Peers, sessions, and two API calls

Four primitives cover the surface. Two are containers (Peers and Sessions), two are actions (writing a Message triggers reasoning; reading via context() or .chat() returns curated state).

Peer

Any entity Honcho can model — a user, an agent, an NPC, a group. Not just user-vs-assistant. Peers have scoped perspectives and can be added to sessions freely.

Session

A container for messages between peers. Sessions can include any combination — one user + one agent, groups, subagent trees. Reasoning is scoped to the session but informed by everything Honcho has learned about the peers in it.
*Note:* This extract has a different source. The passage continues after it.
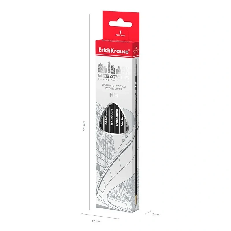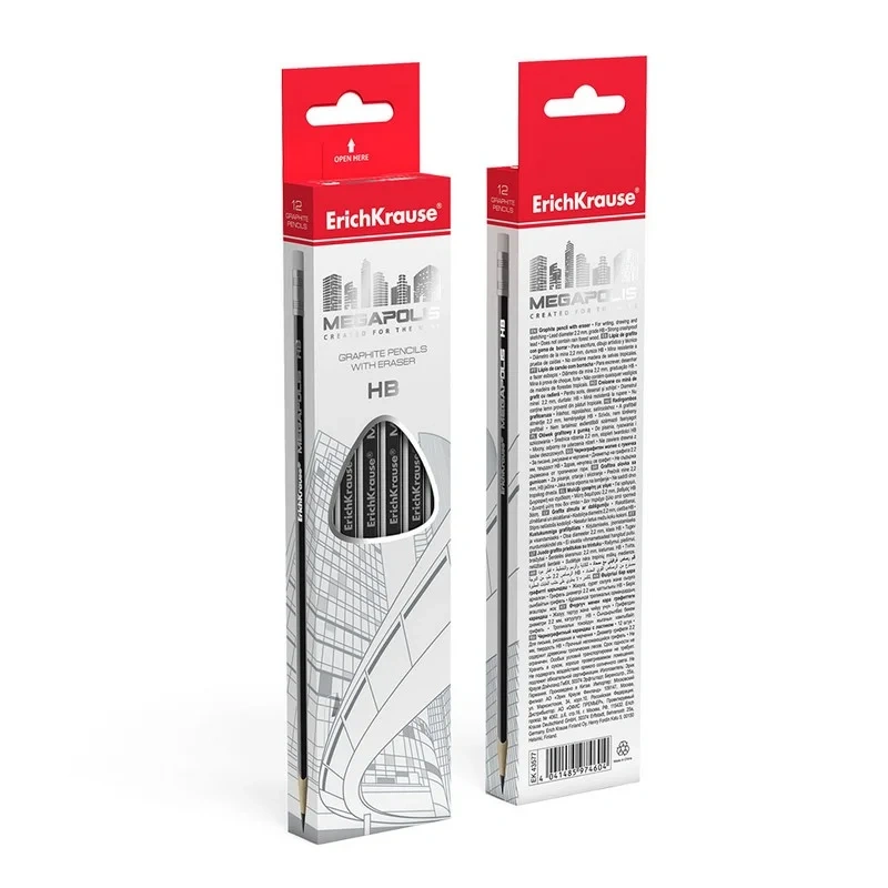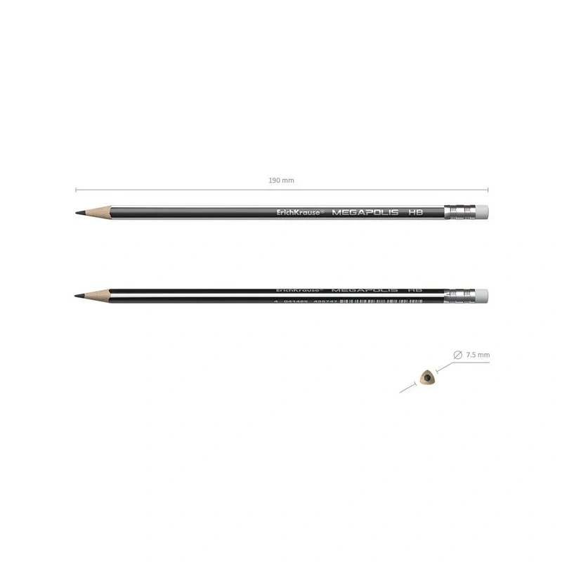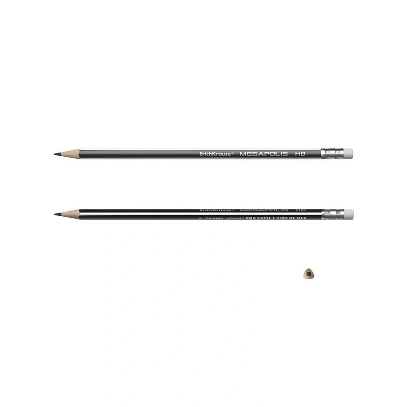 Карандаш чернографитный ErichKrause MEGAPOLIS HB трехгранный с ластиком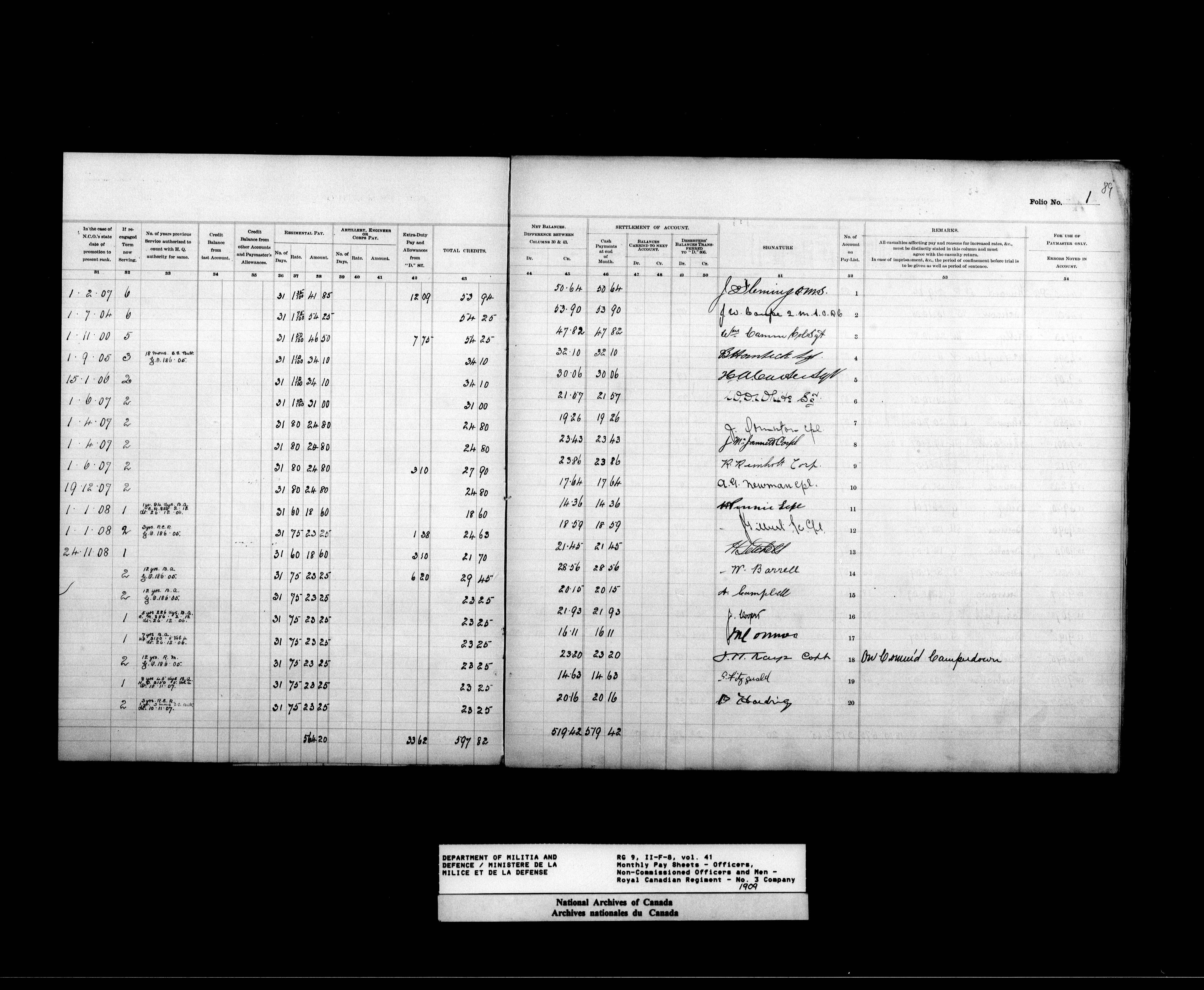 Nominal rolls and paylists for the Permanent Force (1871-1915) - 17451

                          HONCHO — HOW A MESSAGE FLOWS

   your app                                       Honcho
   ────────                                       ──────
      │
      │  session.add_message("Alex", "...")
      ├────────────────────────────────────────▶ ┌───────────────────────┐
      │                                          │  1. store + index       │
      │                                          │     Message → session   │
      │                                          └───────────┬───────────┘
      │                                                      │
      │                                                      ▼
      │                                          ┌───────────────────────┐
      │                                          │  2. Neuromancer          │
      │                                          │     reasoning fires     │
      │                                          │     (custom model)      │
      │                                          └───────────┬───────────┘
      │                                                      │
      │                                                      ▼
      │                                          ┌───────────────────────┐
      │  session.context()                       │  3. state updated       │
      │◀─────────────────────────────────────────│     per-peer + session  │
      │  curated summary + relevant history      └───────────────────────┘
      │  ~200ms · token-budgeted
      │
      │
      │  peer.chat("What are Alex's recurring concerns?", level="high")
      ├────────────────────────────────────────▶ ┌───────────────────────┐
      │                                          │  on-demand reasoning    │
      │◀─────────────────────────────────────────│  5 priced tiers         │
      │                                          │  $0.001 → $0.50         │
      │                                          └───────────────────────┘
      │
      │                     ─── in the background ───
      │                                          ┌───────────────────────┐
      │                                          │  DREAMING                │
      │                                          │  async reasoning that   │
      │                                          │  refines each peer's    │
      │                                          │  model between turns    │
      │                                          └───────────────────────┘

What "dreaming" actually is

Between explicit calls, Honcho runs background reasoning on each peer — pattern identification, hypothesis testing, conflict resolution against new evidence, weighting of prior conclusions. It's an asynchronous learning loop that improves the state you'll fetch on the next context() call, without slowing down inference.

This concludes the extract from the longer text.